The Changing Role of Community Support Workers

Spectrum’s “101 Friends” Personal Support Networks project is excited to offer this day with two leaders respected for their innovative, person-centred approaches to inclusion and personal support network facilitation.  Aaron Johannes and Susan Stanfield have been co-directors of Spectrum Society for Community Living in Vancouver for over 20 years.  During that time, the focus in community living has shifted away from institutional to more individualized services, with the role of Community Support Workers changing dramatically from one of care-taking to facilitation – meaning, “to make easier.”  

What exactly is it we’re making easier?   How do we do that?  

 Our new roles as champions, facilitators, supporters and organizers require different skillsets as we support self-governance and the leadership of people with disabilities (and their friends and families) in their own lives.   This interactive and participatory workshop will have lots of opportunities to interact and learn from each other about what constitutes best-practice today.   This one-day workshop is for Community Support Workers and those who lead them.  Registration: 100.00, includes lunch.

9 – 4:30, July 12th, 2010

Vancouver Unitarian Church at 949 West 49th Avenue

To register please contact Judy at or 604-323-1433 or online at

 “In the context of supporting people with disabilities, [facilitation] is about setting things up for success, knowing when to intervene with just the right amount of support, and when to step back….We do people a disservice when we over-support them.

     “That’s not to say we simply leave people to their own devices. Facilitation isn’t a passive state, it’s a supportive approach, an active instructional process.”

– From “Facilitation: Key Concepts,” by Susan Stanfield.

 Some of the topics to be covered:

 –      The future of the role of the Community Support Worker

–      What does good facilitation look like?

–      New directions in leadership

–      The influence of our history

–      The professionalization of supports

–      Creativity

Susan Stanfield, Director, Communications and Quality Assurance, Spectrum Society for Community Living

Susan has worked in community living for nearly 30 years.  She coordinated recreation programs and volunteer services for the Autism Society of B.C. while attending university, and worked for a number of local community agencies prior to co-founding Spectrum Society in 1987.  As a co-director of Spectrum, Susan oversees the information management and infrastructure that supports Spectrum’s services to individuals and families in the greater Vancouver area.  She lives in Burnaby with her two sons.                  

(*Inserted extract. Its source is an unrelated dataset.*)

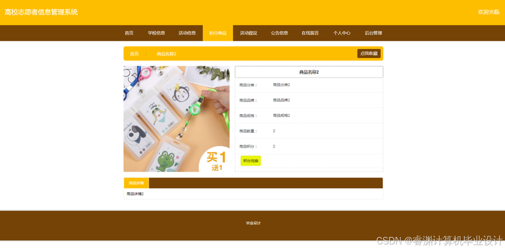 在积分商品页面可以查看商品名称、商品分类、商品品牌、商品规格、商品数量、商品积分、商品详情等详细信息,并进行积分兑换或收藏操作;积分商品页面如图5-4所示:

Aaron Johannes, Director, Research, Training and Development, Spectrum Society for Community Living

Aaron is a Co-Director of Spectrum and the proud nephew, cousin and uncle to people with disabilities.  He and his partner have been foster-parents for ten years to teens with significant disabilities and they also have a son, adopted through MCFD’s Special Needs Adoption program; among various other roles he has been gratified to learn from, he has been a Provincial Advisor for British Columbia People First, a facilitator with the Vela Microboard Association and a free-lance writer.  His passions are art, literature, business philosophy and gardening.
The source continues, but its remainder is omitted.